Stability of deuterated amorphous silicon solar cells

• Published in: Journal of non-crystalline solids Vol. 338; pp. 291 - 294
• Main Authors: Munyeme, G., Wells, J.-P.R., van der Meer, L.F.G., Dijkhuis, J.I., van der Weg, W.F., Schropp, R.E.I.
• Format: Journal Article
• Language: English
• Published: Elsevier B.V 15.06.2004
• Subjects: A205; 85.05.Ea; 81.40.−Z; S270; S380
• ISSN: 0022-3093; 1873-4812
• DOI: 10.1016/j.jnoncrysol.2004.02.089

In order to elucidate the microscopic mechanism for the earlier observed enhanced stability of deuterated amorphous silicon solar cells we conducted a side-by-side study of fully deuterated intrinsic layers on crystalline silicon substrates using the free-electron laser facility at Nieuwegein (FELIX) to resonantly excite the Si–D stretching vibration and measure the various relaxation channels available to these modes, and of p-i-n solar cells with identical intrinsic absorber layers on glass/TCO substrates to record the degradation and stabilization of solar cell parameters under prolonged light soaking treatments.
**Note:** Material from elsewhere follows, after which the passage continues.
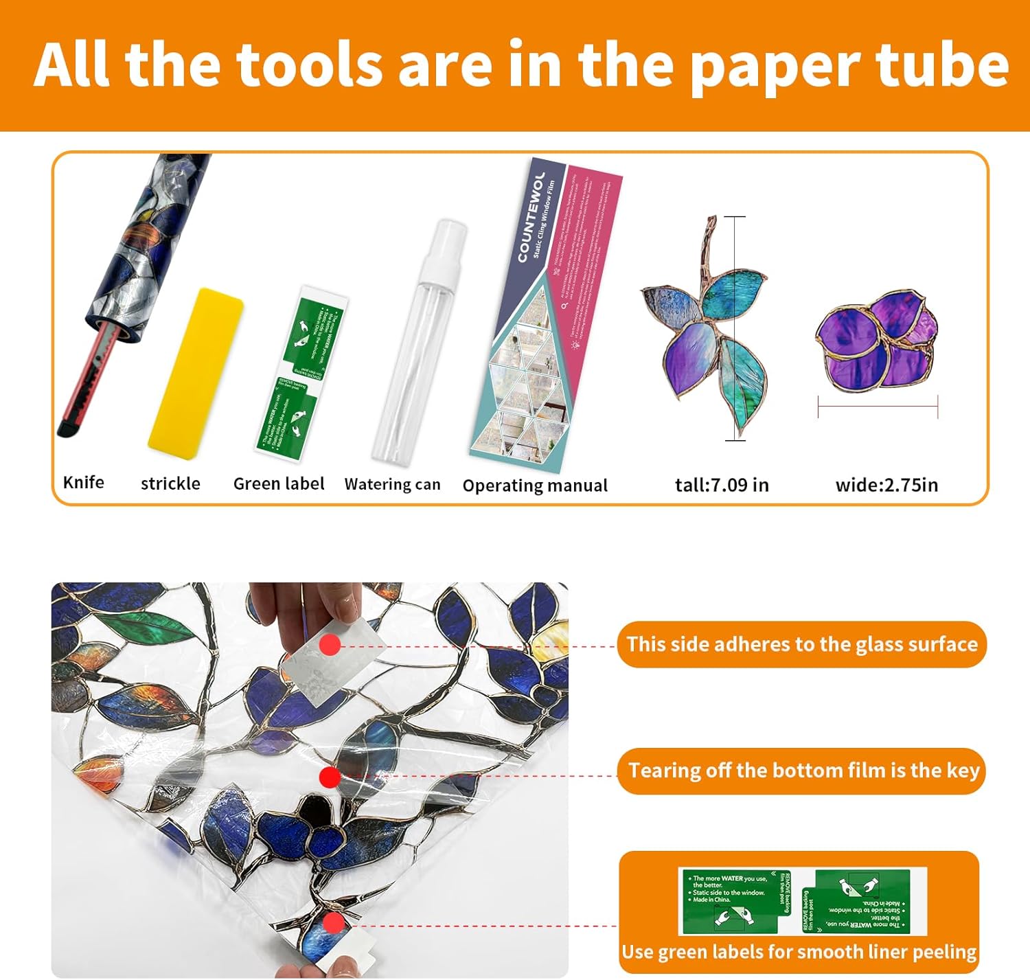 - EASY TO INSTALL: rainbow window film Tear and stick, equipped with a full set of tools, quick and easy to install.
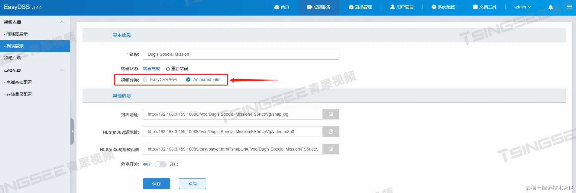 4)除此之外,还可在平台自定义配置封面地址,是否开启分享等。

From our comparative study it is shown that a-Si:D has a superior resistance against light-induced defect creation as compared to a-Si:H and that this can now be explained in the light of the `H collision model' since the initial step in the process, the release of H, is more likely than that of D. Thus, a natural explanation for the stability as observed in a-Si:D solar cells is provided.